Due to these legal victories, Cross was named a Bush Foundation fellow at the Harvard Kennedy School where he earned a Master of Public Administration and met his wife, Kathleen Cross (née Johnston).

=== Academia ===
Cross served on the faculty of the California Polytechnic State University from 1990 through 1993 and at the University of Montana from 1993 to 2015 as an expert on American Indian and environmental law.

Cross has authored numerous works on American Indian law interpretation and environmental law.

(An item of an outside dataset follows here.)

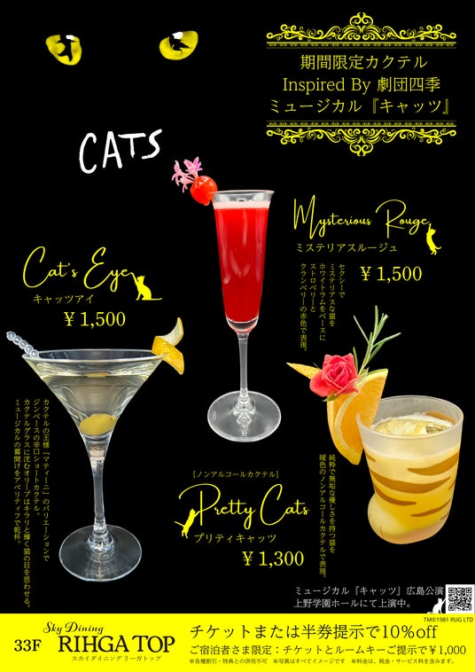 リーガロイヤルホテル広島(広島市中区基町 / 総支配人 室敏幸)は、1983年11月11日の日本初演以来、多くの人々を惹きつけ、12年ぶりに広島・上野学園ホールで公演中の劇団四季ミュージカル『キャッツ』とのコラボレーション第1弾として、最上階・33階の「スカイダイニング リーガトップ」にて、カクテル3種を2024年12月23日(月)~2025年2月28日(金)までの期間限定で販売します。また、チケット(半券含む)をお持ちのお客様には、館内直営レストランの割引優待を実施いたします。

In addition to his own writing, Cross’ legal career is chronicled in the books “Coyote Warrior: One Man, Three Tribes and the Trial That Forged a Nation” and “Savages and Scoundrels” by Paul Vandevelder.

== Personal life ==
Ray married Kathleen Cross (née Johnston), his Harvard Kennedy School classmate, in 1989. They had a daughter, Helena Cross, and son, Cade Cross.

== Death ==

Ray died on January 24, 2023, at his home in Tucson, Arizona, following complications from a spinal cord tumor. His family was at his bedside.

Ray was preceded in death by his parents, Martin Cross and Dorothy Cross; siblings, Phyllis Cross, Martin Cross, Jr., Marilyn Hudson, Mike Cross, and Forrest Cross.

The immediate family celebrated Ray's life privately with a scattering of ashes at Prayer Rock on the family's Yellow Eagle ranch in North Dakota in the summer of 2023.

The obituary published in the Missoulian on January 28, 2023, read, "In honor of Ray, go forward with courage, kind words and good deeds."